Dynamic DNS / LetsEncrypt DNS01

Dynamic DNS / LetsEncrypt DNS01

Most of OCF's certificate issuance (basically, everything that isn't user vhosts) happens through DNS01 challenges going through the nameserver on pestilence and its dynamic update mechanism. If certs for OCF domains aren't getting renewed, check here!

Detailed Background

The OCF runs BIND9 named as an authoritative nameserver for ocf.io, and as shadow-authoritative for ocf.berkeley.edu. To handle DNS01 challenges for Let's Encrypt certificate issuance, the challenge subdomains are all CNAMEd to the letsencrypt.ocf.io zone. This zone is managed through named's support for Dynamic Update with a fixed TSIG key managed in puppet (named letsencrypt.ocf.io). On each host requesting certificates, puppet populates the TSIG key and runs dehydrated to refresh certificates. dehydrated checks the certs it manages, and, for each cert that doesn't exist or is close to expiration, performs a request to named on pestilence to set the TXT record (on the letsencrypt.ocf.io zone), and completes the ACME request.

named Journal Corruption

Occasionally named's journal for the letsencrypt.ocf.io zone falls out of sync, and it fails to load the zone:

zone letsencrypt.ocf.io/IN (unsigned): journal rollforward failed: journal out of sync with zone
zone letsencrypt.ocf.io/IN (unsigned): not loaded due to errors.

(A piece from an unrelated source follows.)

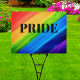 This colorful yard sign features watercolor stripes in rainbow colors and the word "PRIDE" in black typography.

TODO: investigate why (maybe it doesn't like git touching the files?)

This causes updates to the letsencrypt.ocf.io zone to fail (since the zone no longer exists) with the following error from named:

client @0x7fdff40170e0 169.229.226.23#34119/key letsencrypt.ocf.io: update failed: www.letsencrypt.ocf.io: not authoritative for update zone (NOTAUTH)

When this happens, all journals can be synced and purged by running rndc sync -clean as root (on pestilence). After reloading named (systemctl reload named), BIND9 should pick up the zone again and start responding to update requests as normal.